## WORK TO COMPLETE
Using the listing below, reproduce exactly the lines from the one with "Digital Sheet Music" through the last, with all pictures left out.
------
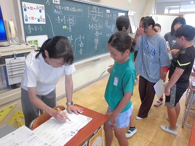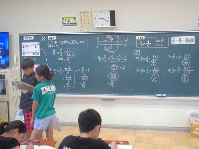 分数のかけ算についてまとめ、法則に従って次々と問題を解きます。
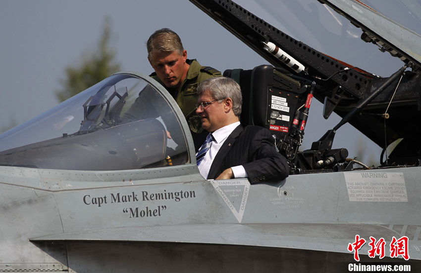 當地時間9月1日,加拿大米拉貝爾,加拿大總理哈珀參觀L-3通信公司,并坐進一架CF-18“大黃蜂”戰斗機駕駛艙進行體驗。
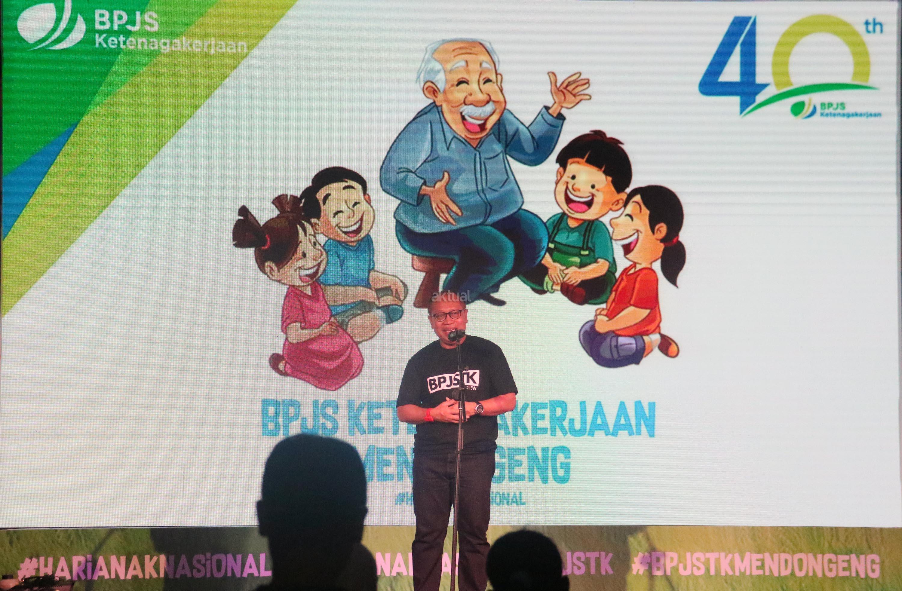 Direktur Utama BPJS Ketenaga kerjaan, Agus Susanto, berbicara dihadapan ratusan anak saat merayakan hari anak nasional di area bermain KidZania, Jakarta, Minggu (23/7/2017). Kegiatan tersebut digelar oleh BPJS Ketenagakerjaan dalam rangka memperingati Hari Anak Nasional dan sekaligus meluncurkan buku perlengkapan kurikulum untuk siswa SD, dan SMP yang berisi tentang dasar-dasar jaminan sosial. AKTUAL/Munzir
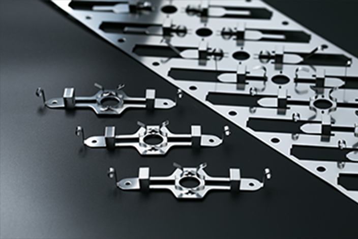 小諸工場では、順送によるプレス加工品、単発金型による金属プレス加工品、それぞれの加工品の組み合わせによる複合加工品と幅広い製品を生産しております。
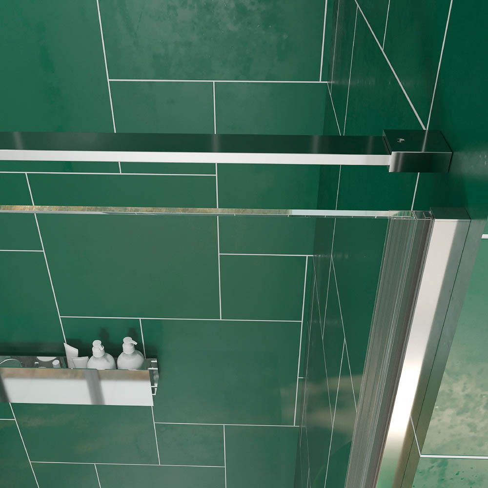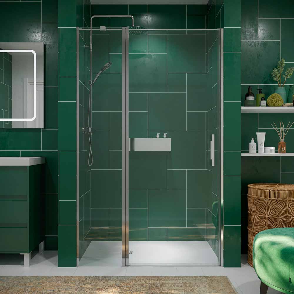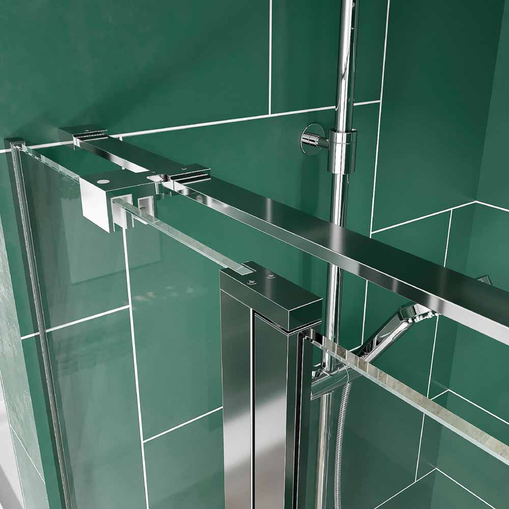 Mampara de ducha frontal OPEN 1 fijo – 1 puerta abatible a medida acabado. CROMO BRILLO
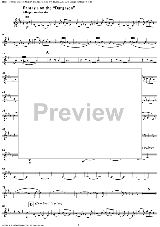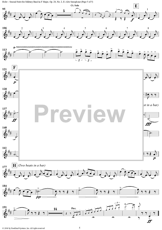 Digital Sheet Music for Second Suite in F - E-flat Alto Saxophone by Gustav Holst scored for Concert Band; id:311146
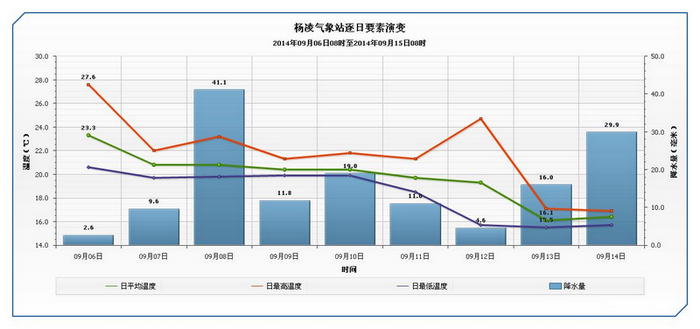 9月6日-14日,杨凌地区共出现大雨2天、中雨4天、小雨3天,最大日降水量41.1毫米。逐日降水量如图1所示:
------
## TASK RESPONSE
 Digital Sheet Music for Second Suite in F - E-flat Alto Saxophone by Gustav Holst scored for Concert Band; id:311146
 9月6日-14日,杨凌地区共出现大雨2天、中雨4天、小雨3天,最大日降水量41.1毫米。逐日降水量如图1所示:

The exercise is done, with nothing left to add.